Bacterial RNA Polymerase

Bacterial cells typically possess only one type of RNA polymerase, which catalyzes the synthesis of all classes of bacterial RNA: mRNA, tRNA, and rRNA. Bacterial RNA polymerase is a large, multimeric enzyme (meaning that it consists of several polypeptide chains).

At the heart of most bacterial RNA polymerases are five subunits (individual polypeptide chains) that make up the core enzyme: two copies of a subunit called alpha (α) and single copies of subunits beta (β), beta prime (β′), and omega (ω) (Figure 13.9). The ω subunit is not essential for transcription, but it helps stabilize the enzyme. The core enzyme catalyzes the elongation of the RNA molecule by the addition of RNA nucleotides. Other functional subunits join and leave the core enzyme at particular stages of the transcription process. The sigma (σ) factor controls the binding of RNA polymerase to the promoter. Without sigma, RNA polymerase will initiate transcription at a random point along the DNA. After sigma has associated with the core enzyme (forming a holoenzyme), RNA polymerase binds stably only to the promoter region and initiates transcription at the proper start site. Sigma is required only for promoter binding and initiation; when a few RNA nucleotides have been joined together, sigma usually detaches from the core enzyme. Many bacteria have multiple types of sigma factors; each type of sigma initiates the binding of RNA polymerase to a particular set of promoters.

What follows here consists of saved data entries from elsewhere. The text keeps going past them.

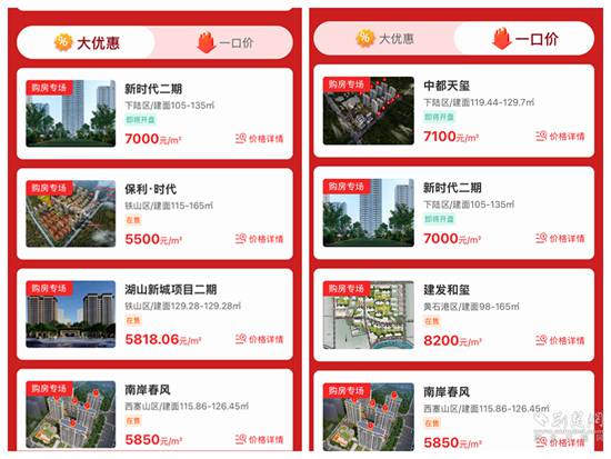線上,該市在東楚優(yōu)房APP上,開(kāi)辟“‘宜居黃石’春節(jié)返鄉(xiāng)安居”購(gòu)房專(zhuān)版,各房地產(chǎn)開(kāi)發(fā)項(xiàng)目按照自愿原則拿出房源,下設(shè)“一口價(jià)”和“大優(yōu)惠”2個(gè)專(zhuān)欄?!耙豢趦r(jià)”專(zhuān)欄集中展示特價(jià)房源;“大優(yōu)惠”專(zhuān)欄集中展示特價(jià)房外的其它優(yōu)惠房源。
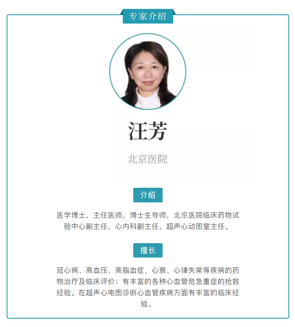 文字:北京医院临床药物试验中心副主任、心内科副主任、超声心动图室主任汪芳
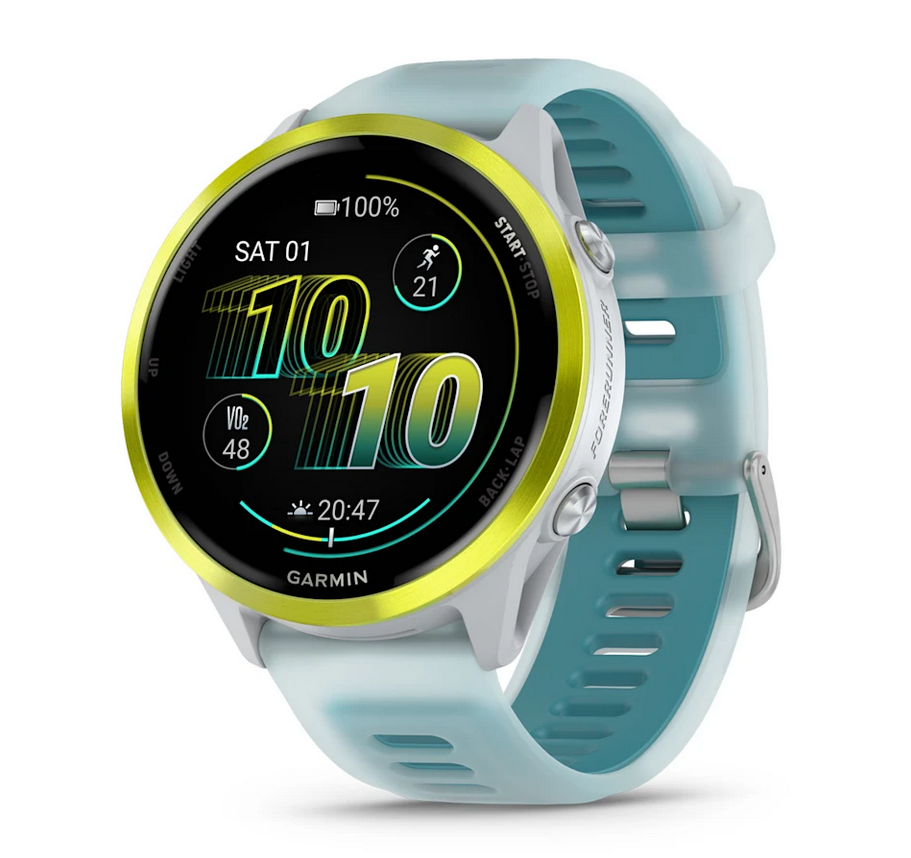 Garmin Forerunner 570 AMP Yellow е идеален за атлети с енергия и цел. Яркият алуминиев корпус в AMP Yellow и контрастната каишка в Translucent Whitestone & Turquoise го правят не просто инструмент, а изявление.

Figure 13.9: In bacterial RNA polymerase, the core enzyme consists of five subunits: two copies of alpha (α), a single copy of beta (β), a single copy of beta prime (β′), and a single copy of omega (ω). The core enzyme catalyzes the elongation of the RNA molecule by the addition of RNA nucleotides. (a) The sigma factor (σ) joins the core to form the holoenzyme, which is capable of binding to a promoter and initiating transcription. (b) The molecular model shows RNA polymerase (blue), binding DNA (purple), and synthesizing mRNA (red).

[Part b: Laguna Design/Science photo Library.]

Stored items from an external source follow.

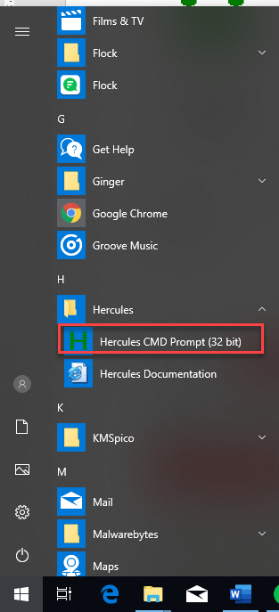 Step 8) In the start menu, click on the Hercules CMD prompt.
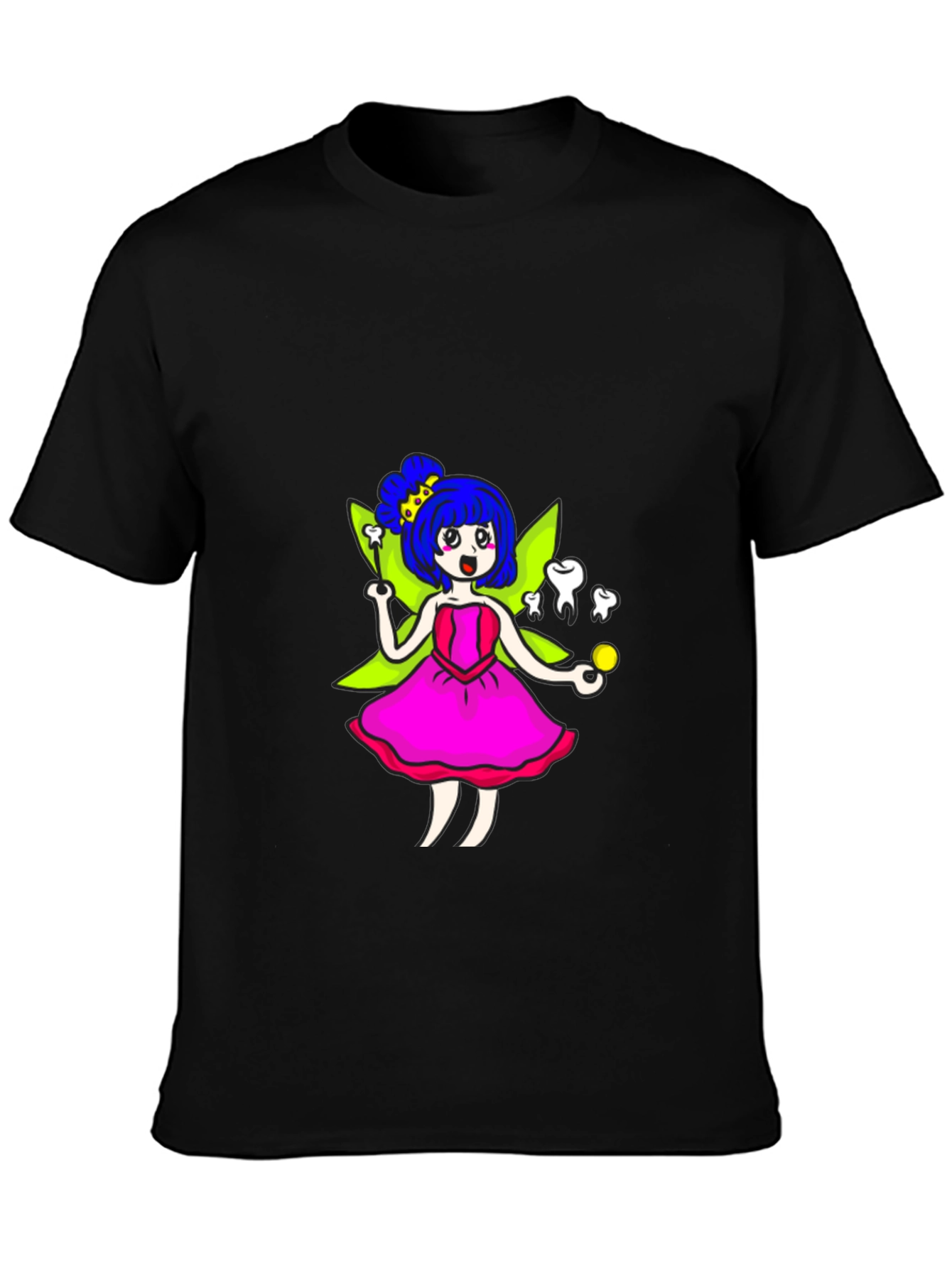 This black T-shirt features a fun and whimsical cartoon graphic of a tooth fairy. The design includes a fairy with blue hair, a pink dress, green wings, and a wand, surrounded by cartoon teeth. Made from comfortable material, this T-shirt is perfect for casual wear or as a fun gift for anyone who loves quirky designs and dental themes. The vibrant colors and playful illustration make it a standout piece. Great for everyday wear, costume parties, or adding a touch of humor to your wardrobe.
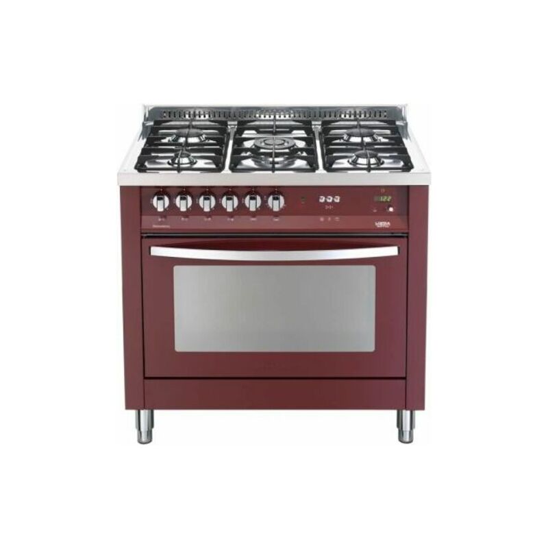 Piano cottura - finitura acciaio inox lucidato a specchio - 5 fuochi a gas valvolati III Serie di cui 1 tripla corona - accensione elettronica integrata alla manopola - protezione totale Gas-Stop - griglie in ghisa Forno - gas ventilato - accensione elettronica integrata alla manopola - protezione totale Gas-Stop - capacità 94 lt - grill elettrico - programmatore di fine cottura - porta con 3 vetri di cui 2 riflettenti per una minore dispersione di calore - vetri interni della porta asportabili per facilitarne la pulizia - guide forno estraibili - ventola tangenziale per raffreddamento cruscotto - piedini regolabili in altezza e in profondità Larghezza 900 mm Profondità 600 mm Altezza 905 mm Altezza (min.) 85 cm Classe efficienza energetica A Consumo energetico (convenzionale) 2,25 kWh Numero di forni 1 Dimensione del forno Largo Sorgente di alimentazione del forno Electric,Natural gas Capacità netta del forno 94 L Grill Sì Capacità interna forno totale 94 L Capacità lorda del forno

Rifamycins are a group of antibiotics that kill bacterial cells by inhibiting RNA polymerase. These antibiotics are widely used to treat tuberculosis, a disease that kills almost 2 million people worldwide each year. The structures of bacterial and eukaryotic RNA polymerases are sufficiently different that rifamycins inhibit bacterial RNA polymerases without interferring with eukaryotic RNA polymerases. Recent research has demonstrated that several rifamycins inibit RNA polymerase by binding to the part of the RNA polymerase that clamps on to DNA and jamming it, thus preventing the RNA polymerase from interacting with the promoter on the DNA.

Eukaryotic RNA Polymerases

Most eukaryotic cells possess three distinct types of RNA polymerase, each of which is responsible for transcribing a different class of RNA: RNA polymerase I transcribes rRNA; RNA polymerase II transcribes pre-mRNAs, snoRNAs, some miRNAs, and some snRNAs; and RNA polymerase III transcribes other small RNA molecules—specifically tRNAs, small rRNA, some miRNAs, and some snRNAs (Table 13.3). RNA polymerases I, II, and III are found in all eukaryotes. Two additional RNA polymerases, RNA polymerase IV and RNA polymerase V, have been found in plants. RNA polymerases IV and V transcribe RNAs that play a role in DNA methylation and chromatin structure.

All eukaryotic polymerases are large, multimeric enzymes, typically consisting of more than a dozen subunits. Some subunits are common to all RNA polymerases, whereas others are limited to one of the polymerases. As in bacterial cells, a number of accessory proteins bind to the core enzyme and affect its function.